The excess (equal to number) number of electrons that must be placed on each of two small spheres spaced `3cm` apart with force of repulsion between the spheres of br `10^(-19)N` is

To solve the problem, we need to determine the number of excess electrons that must be placed on each of the two small spheres so that the force of repulsion between them is \(10^{-19} \, \text{N}\) when they are \(3 \, \text{cm}\) apart. ### Step-by-Step Solution: 1. **Identify the Given Values**: - Force of repulsion, \(F = 10^{-19} \, \text{N}\) - Distance between the spheres, \(r = 3 \, \text{cm} = 0.03 \, \text{m}\) - Charge of an electron, \(e = 1.6 \times 10^{-19} \, \text{C}\) 2. **Use Coulomb's Law**: According to Coulomb's law, the force \(F\) between two charges \(q\) separated by a distance \(r\) is given by: \[ F = k \frac{q_1 q_2}{r^2} \] where \(k\) is Coulomb's constant, approximately \(8.99 \times 10^9 \, \text{N m}^2/\text{C}^2\). 3. **Assume Charges on Each Sphere**: Let the charge on each sphere be \(q\).

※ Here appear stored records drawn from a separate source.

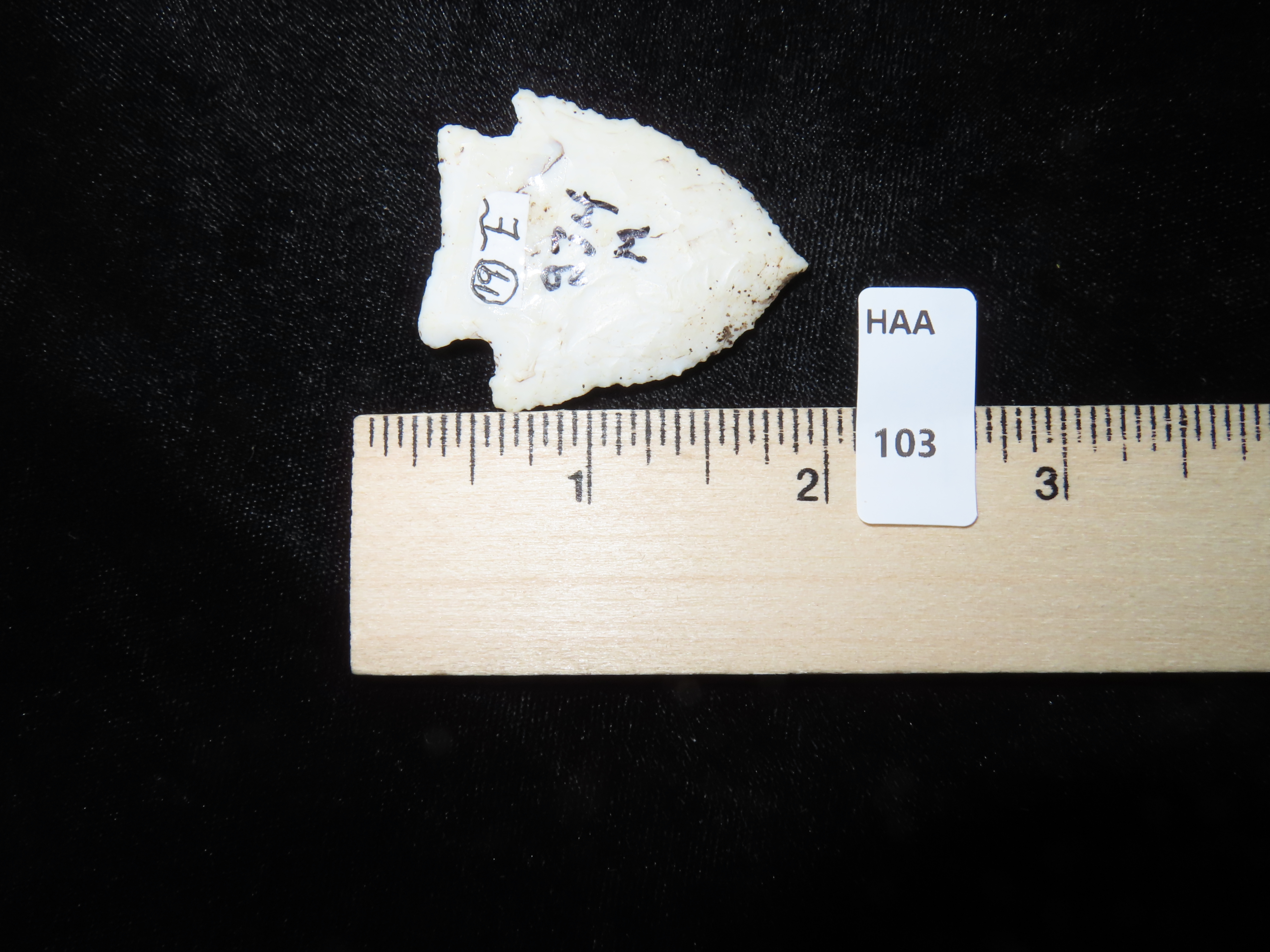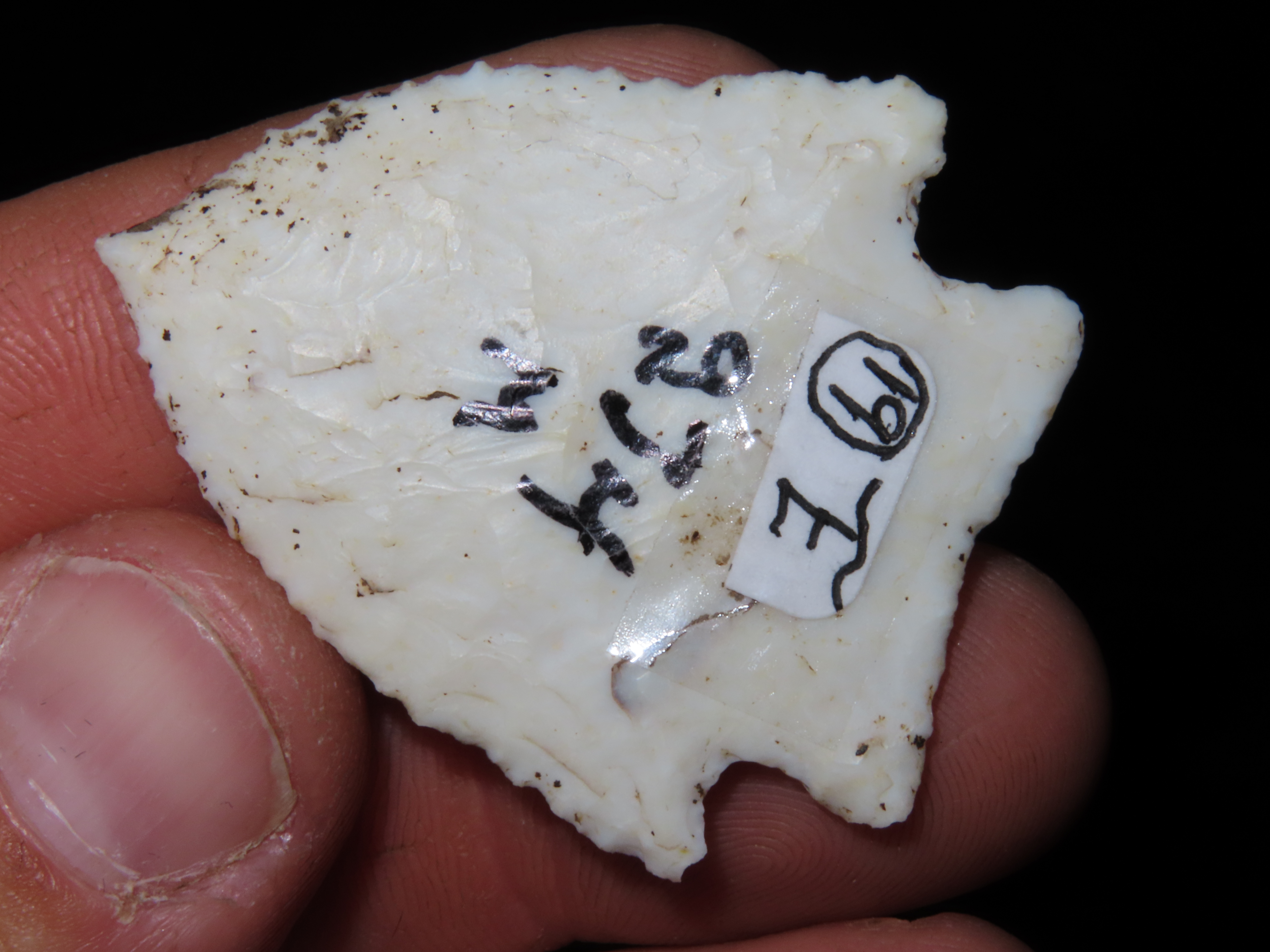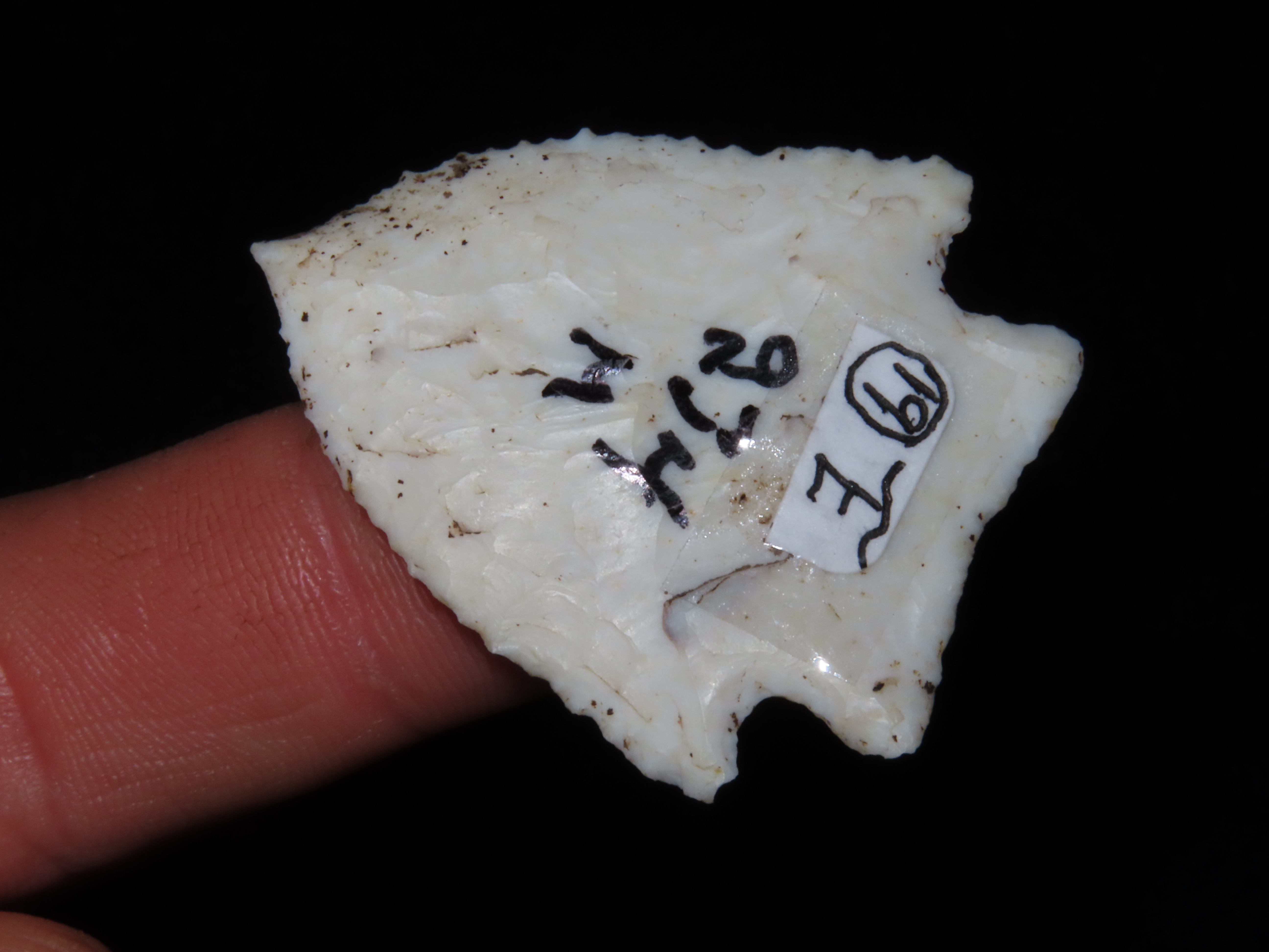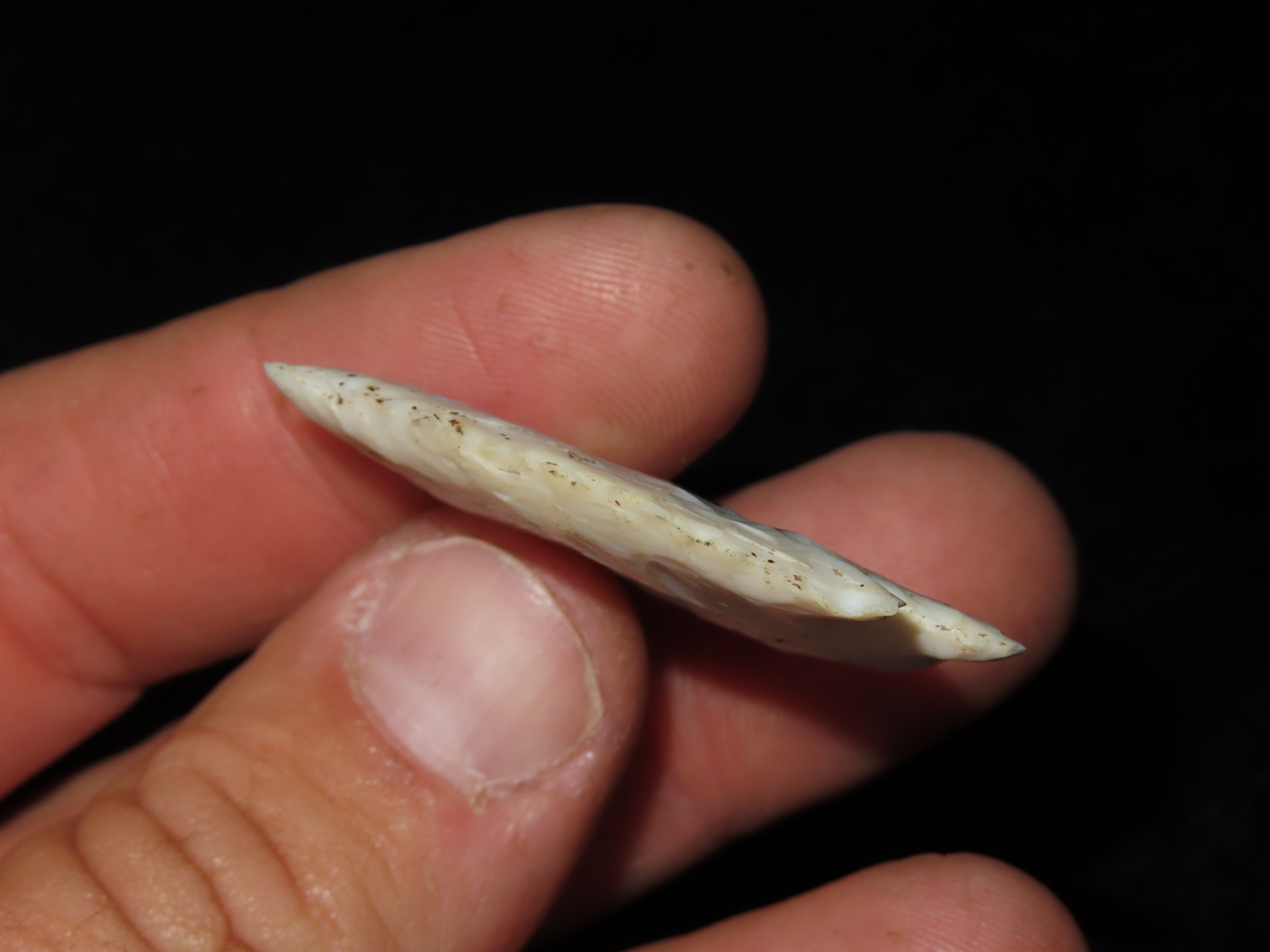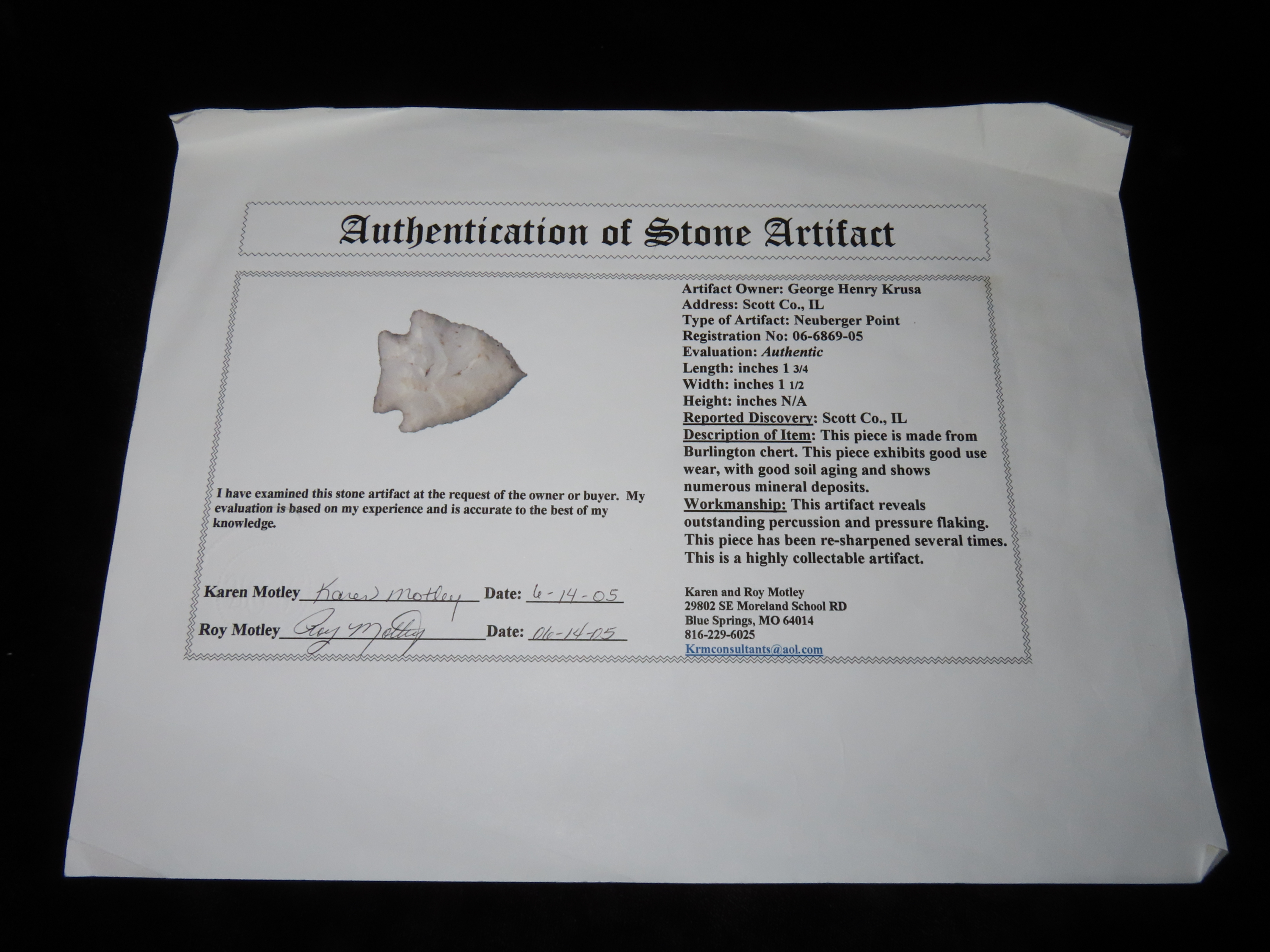 1 3/4″ Neuberger Point, Motley COA, needle tip, found in Scott Co., Illinois, Ex George Henry Krusa Collection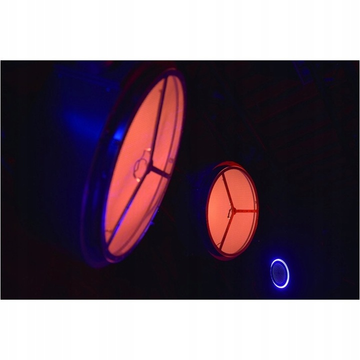 На задній частині корпусу розташовані розетки PowerCon (в тому числі «передай»), чотири розетки DMX (два входи і виходи), а також панель управління у вигляді LED-дисплея і трьох кнопок ( Меню, Вгору, Вниз). Використовуючи їх, ми можемо вручну встановити шаблон освітлення відбивача або вибрати один із десятків вбудованих налаштувань. Проте найефективнішим способом керування роботою підсвічування є протокол DMX.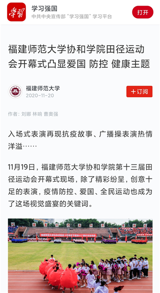 11月20日,学习强国报道福建师范大学协和学院田径运动会开幕式凸显爱国、防控、健康主题。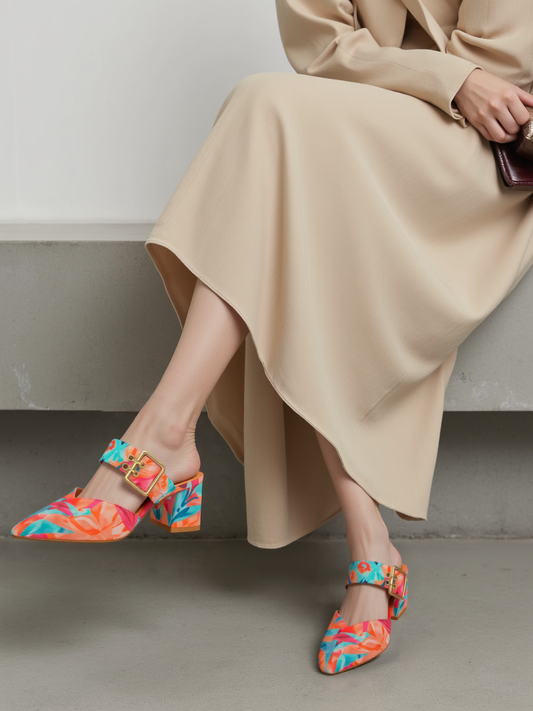 Women's Multicolor Floral Pump Size 37 Vegan Leather Low Heel Chic and Comfortable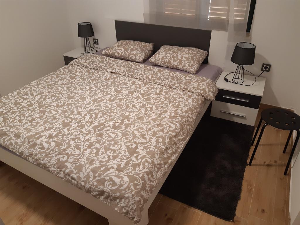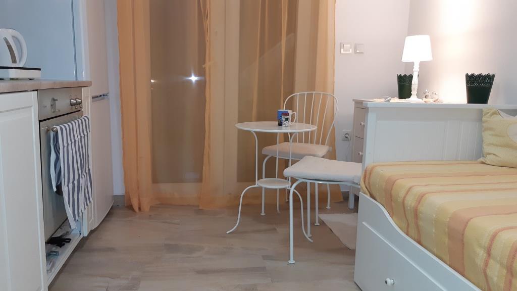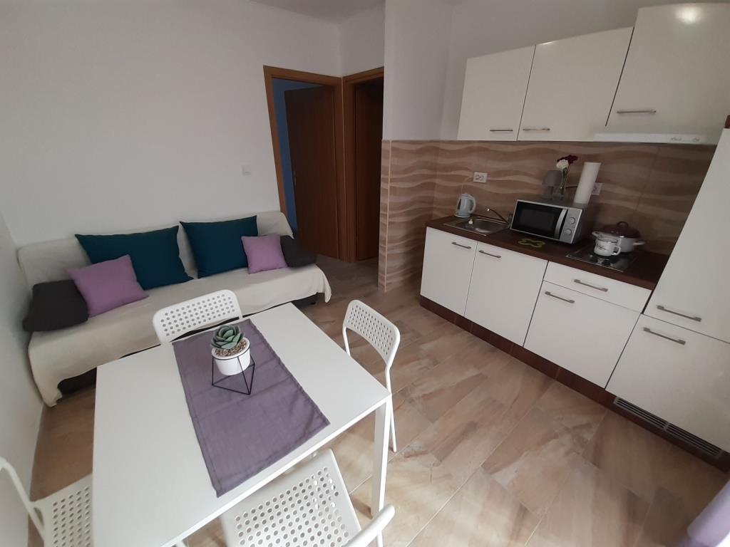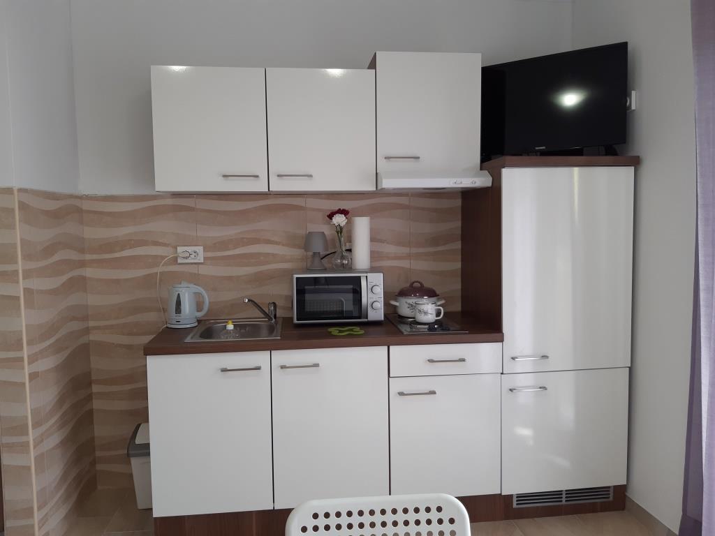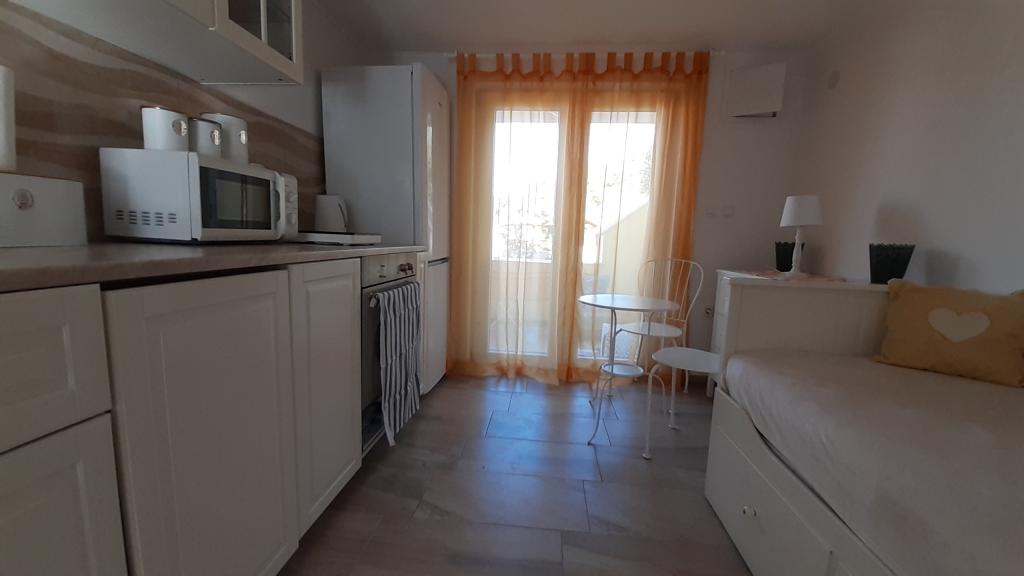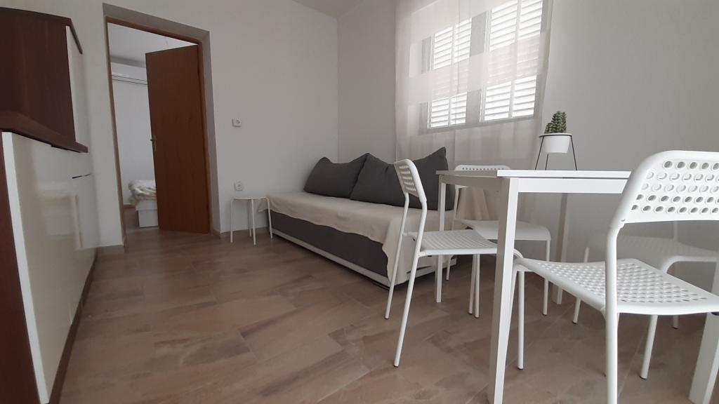 Apartmány se nacházejí v samostatné budově zrekonstruované v roce 2020, která má pouze 4 bytové jednotky - každá garsoniéra pro 2 až 2 osoby, v klidné oblasti obklopené dalmatskou zelení. Byt se skládá z 1 ložnice (manželská postel 160x200), obývacího pokoje (s rozkládacím lůžkem 140x200) s kuchyní (vybavena lednicí, varnou deskou, mikrovlnnou troubou a sporákem a dalším potřebným nádobím), koupelny se sprchou a pračkou. Apartmán je klimatizovaný a nabízí bezplatné Wi-Fi. Balkon je skvělý pro ranní kávu s vycházejícím sluncem nebo večer se sklenkou domácího vína a světlem mořského zálivu. Ve dvoře je možné posedět ve stínu olivovníků nebo slunečníků obklopených olivovníky, fíkovníky a další nativní dalmatské zeleně. Parkování je zajištěno ve dvoře. Ubytování se nachází v blízkosti centra města (5) s obchody, poštou, pekárnou a lékárnou, ambulancí a stomatologickými ambulancemi a restauracemi a kavárnami, v blízkosti starého centra s historickou věží symbolem tradice (10)

Since both spheres have the same charge due to the excess electrons, we have: \[ q_1 = q_2 = q \] 4. **Substituting Values into Coulomb's Law**: The equation becomes: \[ F = k \frac{q^2}{r^2} \] Substituting the known values: \[ 10^{-19} = 8.99 \times 10^9 \frac{q^2}{(0.03)^2} \] 5. **Rearranging to Solve for \(q^2\)**: Rearranging gives: \[ q^2 = \frac{10^{-19} \cdot (0.03)^2}{8.99 \times 10^9} \] Calculate \( (0.03)^2 = 0.0009 \): \[ q^2 = \frac{10^{-19} \cdot 0.0009}{8.99 \times 10^9} \] \[ q^2 = \frac{9 \times 10^{-23}}{8.99 \times 10^9} \] \[ q^2 \approx 1.0 \times 10^{-32} \] 6. **Calculating \(q\)**: Taking the square root: \[ q \approx 10^{-16} \, \text{C} \] 7. **Finding the Number of Electrons \(n\)**: Since \(q = n \cdot e\), we can find \(n\): \[ n = \frac{q}{e} = \frac{10^{-16}}{1.6 \times 10^{-19}} \] \[ n \approx \frac{10^{-16}}{1.6 \times 10^{-19}} = 625 \] ### Final Answer: The number of excess electrons that must be placed on each sphere is \(625\).